為了將邊緣運算 (edge ops) 降低到後端運算 (backend ops)，pass 將執行模式匹配以識別圖形中感興趣的邊緣運算，然後用等效的後端運算符替換它們。有兩個 API 可以註冊這樣的 passes

transform()。ExportProgram 上的一個 API，允許用戶提供自定義的 passes。請注意，這不受任何驗證器的保護，因此程序的可靠性無法保證。
ExecutorchBackendConfig.passes。如果在此處添加，則 pass 將成為從後端方言到 ExecutorchProgram 的降低過程的一部分。

示例：一個這樣的 pass 是 QuantFusion。此 pass 採用“規範量化模式”，即“dequant - some_op - quant”，並將此模式融合到一個後端特定的單個運算符中，即 quantized_decomposed::some_op。另一個更簡單的示例是這裡，我們將 sym_size 運算符替換為 ExecuTorch 可以理解的運算符

模式綁定裝飾器 (Pattern Binding Decorator)¶

我們提供一個裝飾器 bind_pattern_to_op 來幫助用戶輕鬆地將其後端運算符註冊到 EXIR 中。這個裝飾器採用

一個 torch.Library 對象，它指示此後端運算符屬於哪個庫或命名空間。
一個名稱或模式。如果我們已經在 torch.Library 對象中定義了後端運算符的模式，則只需要一個名稱。否則，如果傳入模式字符串，我們可以註冊模式。

這個裝飾器應該被添加到我們嘗試匹配（然後降低到這個後端運算）的邊緣方言的模式上。這樣，我們將這個模式註冊為這個後端運算符的 CompositeImplicitAutograd 核心。

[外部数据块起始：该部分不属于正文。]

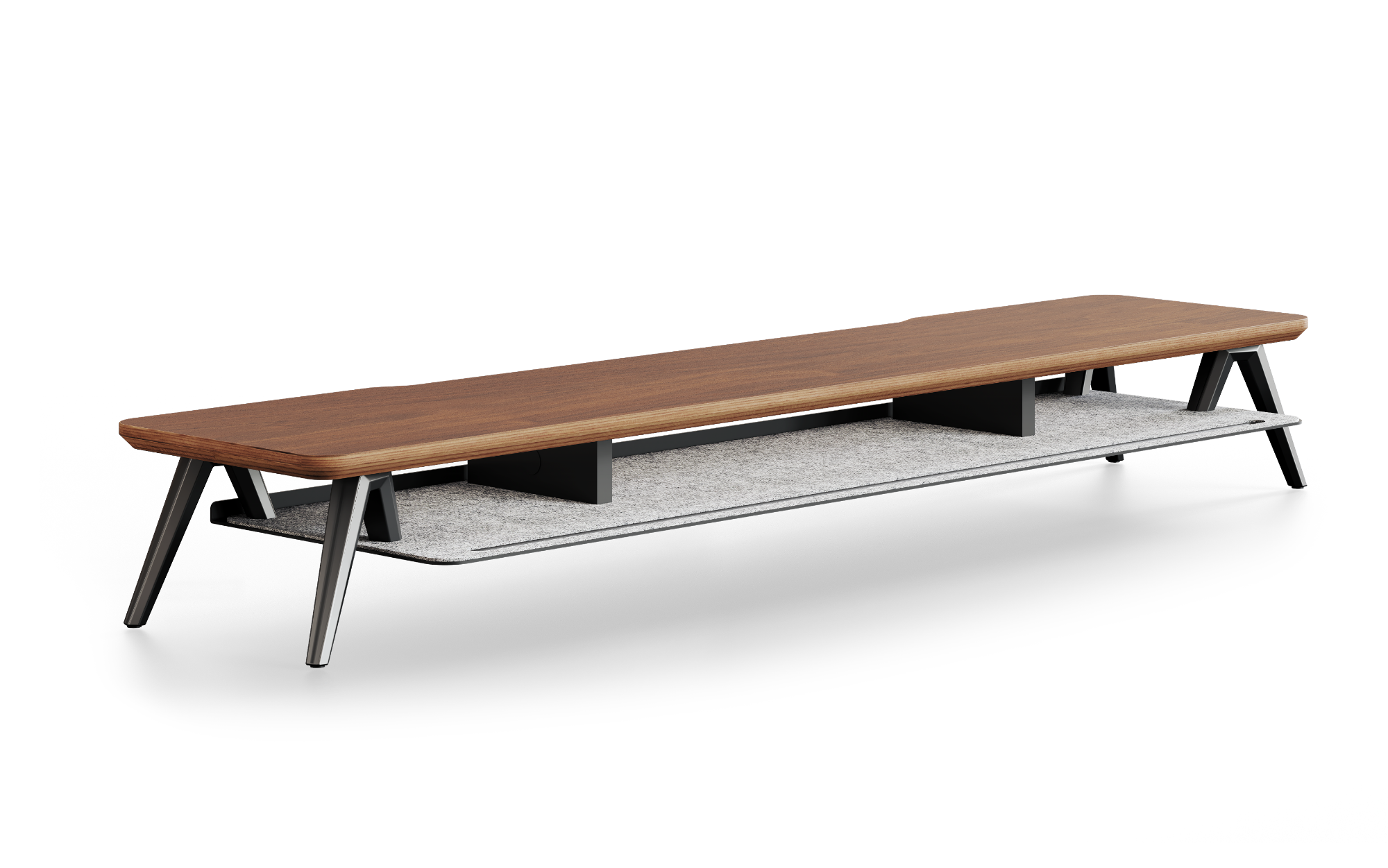 Gebaut für einen starken Auftritt. Erleben Sie die perfekte Balance aus Form und Funktion. Ein Ökosystem in Nussbaum-Optik, das Ihre Bildschirme auf Augenhöhe bringt und gleichzeitig das Potenzial Ihres Schreibtisches erweitert. Getragen von einem robusten M-Rahmen im Industriestil mit einer Tragkraft von bis zu 45 kg. Abgerundet durch eine geräuschdämpfende Filzablage für Ihre täglichen Essentials.

然後可以從 passes 訪問/使用該運算符。CompositeImplicitAutograd 核心確保

用戶無需編寫 (CPU) 可運行的核心。
確保 ExportProgram 的可追蹤性。重新追蹤後，後端運算符將被分解為模式中使用的 ATen 運算。

示例¶

讓我們假設一個包含 add 和 relu 運算符的簡單程序

def f(x: torch.Tensor, y: torch.Tensor) -> torch.Tensor:
    z = x + y
    return torch.ops.aten.relu.default(z)

降低到邊緣方言後，它變為

graph():
    %arg0_1 : [num_users=1] = placeholder[target=arg0_1]
    %arg1_1 : [num_users=1] = placeholder[target=arg1_1]
    %aten_add_tensor : [num_users=1] = call_function[target=executorch.exir.dialects.edge._ops.aten.add.Tensor](args = (%arg0_1, %arg1_1), kwargs = {})
    %aten_relu_default : [num_users=1] = call_function[target=executorch.exir.dialects.edge._ops.aten.relu.default](args = (%aten_add_tensor,), kwargs = {})
    return (aten_relu_default,)

現在我想編寫一個 pass 來將 add 和 relu 合併到 add_relu 中，第一步是編寫一個模式

# In the pattern, we can use edge ops and ATen ops interchangably
def pattern(x: torch.Tensor, y: torch.Tensor) -> torch.Tensor:
    z = torch.ops.aten.add.Tensor(x, y)
    out = torch.ops.aten.relu.default(z)
    return out

然後我們需要從融合的運算符命名空間創建一個運算符庫，然後在我們的模式上使用裝飾器

lib = Library("foo_namespace", "DEF")

@bind_pattern_to_op(lib, "add_relu(Tensor self, Tensor other) -> Tensor")
def pattern(x: torch.Tensor, y: torch.Tensor) -> torch.Tensor:
        z = torch.ops.aten.add.Tensor(x, y)
        out = torch.ops.aten.relu.default(z)
        return out

這樣，我們將該模式註冊為 add_relu 的核心，並且它已準備好在 pass 中使用。一個簡單的 pass 如下所示

class AddReluFusionPass(ExportPass):
    def call(self, graph_module: GraphModule) -> PassResult:
        # decorator registers this pattern as a CompositeExplicitAutograd kernel, since there's no kernel registered before.
        @bind_pattern_to_op(lib, "add_relu")
        def pattern(x: torch.Tensor, y: torch.Tensor) -> torch.Tensor:
            z = torch.ops.aten.add.Tensor(x, y)
            out = torch.ops.aten.relu.default(z)
            return out

        def replacement(x: torch.Tensor, y: torch.Tensor) -> torch.Tensor:
            return torch.ops.foo_namespace.add_relu.default(x, y)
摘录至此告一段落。